The print_out() statements in Figure 5 will print out the graph at successive levels of depth. This form of output is useful for analysis. By searching this output for unique “count:message” pairs, one can examine a specific message sequence at successive levels of depth.

The 25 seconds of field packet capture data is processed as described. Figure 6 shows the first level printout of the message graph, which provides a list of message types sorted by frequency of occurrence. The counts are skewed on some of the messages due to the capture settings. In particular, the fwd_data and rev_data packets are scaled by a factor of 1/24. The page messages are sent from the signaling server to the cell towers to locate the data device prior to executing the connection scenario. The fwd_data and rev_data messages contain data packets exchanged between the data device and the Internet.

Figure 6.

Messages that occurred during the 25 second packet capture sorted by message count. The page messages are sent from the signaling server to the cell towers to locate the data device prior to executing the connection scenario. The fwd_data and rev_data messages contain data packets exchanged between the data device and the Internet.

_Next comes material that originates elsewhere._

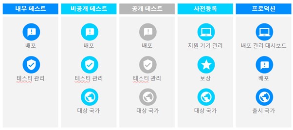 개발자는 구글플레이 개발자 콘솔을 통해 내부 테스트, 비공개 테스트, 공개 테스트, 프로덕션 등 앱 출시를 위한 절차를 진행할수 있다.
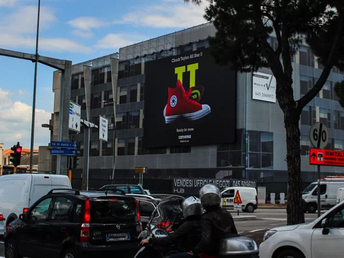 On air da aprile 2016, la nuova campagna pubblicitaria “CONVERSE” con la Maxi affissione a Verona, tra Viale del Lavoro e Largo Perlar.

There are two features of the data in Figure 6 that will bear in the subsequent analysis. There are messages appended with an “_i”. These are generated during an internal scenario specific to the Alcatel-Lucent system. They occur when two signaling servers are used in a connection scenario. These internal messages are not going to be examined in this analysis; however, they are left in to demonstrate a graph pruning technique that will be used.

It can also be seen that for every connect_request message—line 9814 (the message count will be used to refer to specific lines in the figures)—there are more of the subsequent sunny day connection scenario messages (lines 19002, 26086, and 26148). These counts are approximately proportionally correct. The difference is due to the data device using multiple RF paths in a connection. These messages are sent to each individual tower face that has contact with the data device (as reported in the initial connect_request message). There can be one to five of these RF paths in a single connection. A second, recursive, pruning technique will be used to collapse these multiple messages into a single message in the graph.

Focusing on line 9814 of Figure 6, the first and second level printouts of the connect_request portion of the graph are shown in Figure 7. In Figure 7, lines 6100 through 1 show which messages followed the connect_request message along with their associated counts. In the case of line 6100, we wish to prune these internal messages and re-aggregate the graph. To accomplish this, a technique is introduced that places a flag node (a Graph object with its symbol set to some predefined flag) in the message graph prior to re-aggregating the graph. This flag will trigger code to run in the add_sequence() routine that will do the pruning. Additional flags will be defined as needed by the analysis. This technique will allow for easy implementation of analysis code that runs deep within the graph at points specified by the investigator as needed. The technique is initially more complicated than for instance simply filtering out the internal messages; however the advantages become apparent when used in complex scenarios. The flag node technique allows the investigator to quickly explore the data given the graph printout. Also, once the specific flag code is implemented and debugged, it can be reused without having to introduce more code (and possible bugs) into the analysis.

Figure 7.

The connect_request message and the next messages that occurred. The “session_*” messages are from registration scenarios.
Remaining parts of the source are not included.